Section 1 - "Credit Limit" of the Schedule to the Loan Agreement is hereby amended in its entirety to read as follows:An amount not to exceed the lesser of: $18,000,000 at any one time outstanding (the "Maximum Credit Limit"); or the sum of (a), (b) and (c) below:
(a) Receivable Line. Loans (the "Receivable Loans") in an amount not to exceed the lesser of (i) $5,000,000, or (ii) 70% (the "Advance Rate") of the amount of Borrower's Eligible Receivables (as defined in Section 8 above); plus
(b) Securities Secured Line. Loans (the "Securities Secured Loans") in an amount not to exceed the lesser of (i) $12,000,000, or (ii) 100% of the principal amount of certificates of deposit (the "Credit Support Securities") from Silicon which are maintained with Silicon and in which Silicon has a first priority security interest perfected in a manner acceptable to Silicon; plus
(c) Nonformula Line. Subject to satisfaction of the "Nonformula Loan Conditions" described below, Loans (the "Nonformula Loans") in an amount not to exceed $1,000,000.
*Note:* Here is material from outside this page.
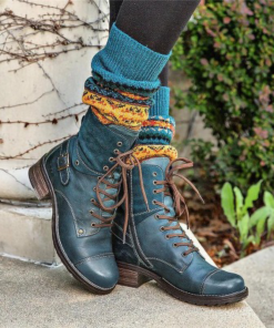 ⭐ Side Zipper Round Toe Color Block Thread Casual Boots

All Loans will be made first under the Securities Secured Line until the total of the Securities Secured Loans outstanding is $12,000,000. Principal payments on Loans shall not be applied to the outstanding balance of the Securities Secured Loans until all other Loans have been paid in full, provided that, after the occurrence of an Event of Default payments and principal reductions may be applied in such manner as Silicon shall determine in its discretion. Notwithstanding anything herein to the contrary, Borrower shall not be entitled to borrow Nonformula Loans until such time after November 1, 2002 as (i) Borrower has received at least $4,500,000 in net cash consideration from the issuance of equity securities of the Borrower (the "Equity Infusion") and (ii) Borrower has provided such evidence thereof as Silicon shall request.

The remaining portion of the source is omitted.